Under the new § 826.100, employees are required to provide employers with documentation containing the following information prior to taking paid sick leave or expanded FMLA leave: (1) the employee’s name; (2) the date(s) for which leave is requested; (3) the qualifying reason for the leave; and (4) an oral or written statement that the employee is unable to work because of the qualified reason for leave. If an employee is subject to a government-issued quarantine or isolation order, he or she must also provide the employer with the name of the government agency that issued the order.
So what happens when an employee takes leave and wants to return to work? The new § 826.130 promulgated under the temporary rule holds that, in general, an employee on return from paid sick leave or expanded FMLA leave has a right to be restored to the same or an equivalent position. That said, paragraph (b) sets forth a number of limitations to that general proposition; namely, that employees are not protected fom employment actions, such as layoffs, that would have affected the employee regardless of whether he or she took leave, or if denying job restoration is necessary to prevent substantial and grievous economic injury to the employer. And employers with fewer than twenty-five (25) eligible employes may deny job restoration to an eligible employee if (1) the employee took leave to care for his or her son or daughter whose school or place of care was closed; (2) the position held by the employee at the time leave was taken no longer exists due to economic conditions caused by the public-health emergency; (3) the employer makes reasonable efforts to restore the employee to a position equivalent to the position the employee held prior to taking leave; and (4) where the reasonable efforts to restore the employee to an equivalent position fail and the employer makes reasonable efforts to contact the employee during a one-year period if an equivalent position becomes available.
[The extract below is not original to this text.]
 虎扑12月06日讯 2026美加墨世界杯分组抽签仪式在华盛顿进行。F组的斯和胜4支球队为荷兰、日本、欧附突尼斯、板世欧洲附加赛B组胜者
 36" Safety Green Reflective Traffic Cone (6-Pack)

Finally, §§ 826.150 and 826.151 of the new temporary rule reinforce various prohibited acts, such as discharging, disciplining, or discriminating against an employee because the employee took paid sick leave or expanded FMLA leave, or filed a complaint or instituted a proceeding related to the new laws governing paid sick leave or expanded FMLA leave. Employers who engage in such acts will be subject to enforcement actions under the Fair Labor Standards Act, in the event of paid sick leave, or the FMLA, in the event of expanded FMLA leave.
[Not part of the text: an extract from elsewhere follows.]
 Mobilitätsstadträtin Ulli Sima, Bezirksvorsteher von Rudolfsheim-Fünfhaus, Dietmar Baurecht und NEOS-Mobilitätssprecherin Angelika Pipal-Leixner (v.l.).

To be sure, this massive new rule provides major guidance to employers and employees who are still trying to wrap their hands around the flurry of new laws passed by Congress in recent days due to COVID-19. But there is a ton of information contained within this document alone, and more will be written about it in the coming days. To the extent they can, employers should tread lightly through these new rules, and should consult with an attorney about how to best navigate this unprecedented experience and prevent a possible infraction of the law on top of an already-difficult economic situation.